Court Opinion

ID: 3177995
Source: CourtListenerOpinion
Date Created: 2016-02-17 21:06:10.100218+00
Date Added: 2024-06-11T07:38:54.407373
License: Public Domain

NOT FOR PUBLICATION

                    UNITED STATES COURT OF APPEALS
                                                                           FILED
                             FOR THE NINTH CIRCUIT
                                                                            FEB 17 2016
                                                                        MOLLY C. DWYER, CLERK
                                                                         U.S. COURT OF APPEALS
XICHENG ZHOU,                                    No. 11-73984

              Petitioner,                        Agency No. A078-750-327

 v.
                                                 MEMORANDUM*
LORETTA E. LYNCH, Attorney General,

              Respondent.

                     On Petition for Review of an Order of the
                         Board of Immigration Appeals

                            Submitted February 12, 2016**
                                Pasadena, California

Before: KLEINFELD, McKEOWN, and IKUTA, Circuit Judges.

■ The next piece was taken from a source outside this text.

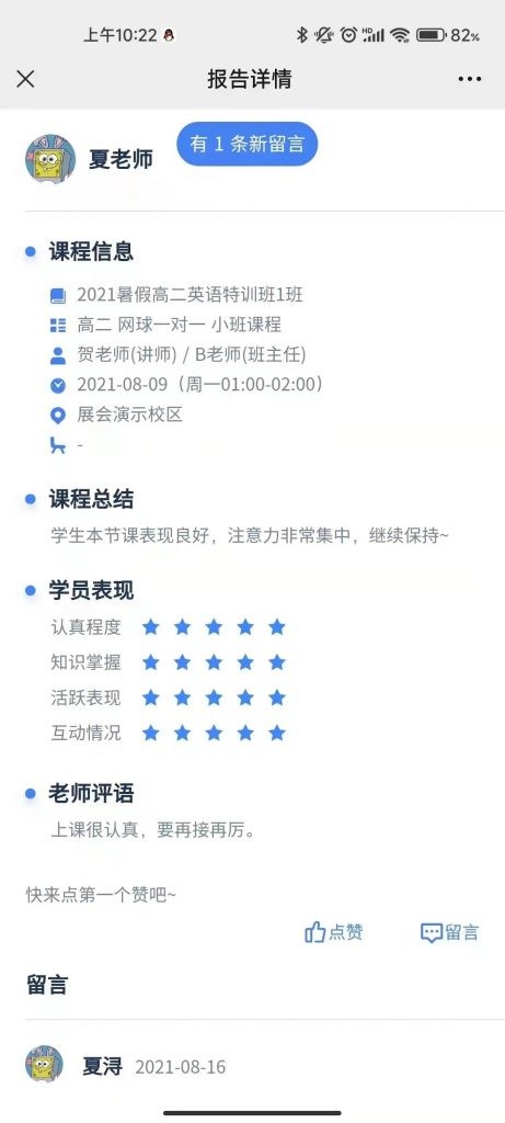 老师在课后对学员的学习反馈是家长看到自己孩子成长点滴的重要形式。

      Xi-Cheng Zhou appeals the BIA’s decision affirming the dismissal of his

second motion to reopen his removal proceedings. We have jurisdiction under 8

U.S.C. § 1252.

        *
             This disposition is not appropriate for publication and is not precedent
except as provided by 9th Cir. R. 36-3.
        **
             The panel unanimously concludes this case is suitable for decision
without oral argument. See Fed. R. App. P. 34(a)(2).
      The BIA did not abuse its discretion in denying Zhou’s second motion to

reopen. Zhou failed to show that the enforcement of family planning policies in

his village became more stringent since his 2001 hearing. See Feng Gui Lin v.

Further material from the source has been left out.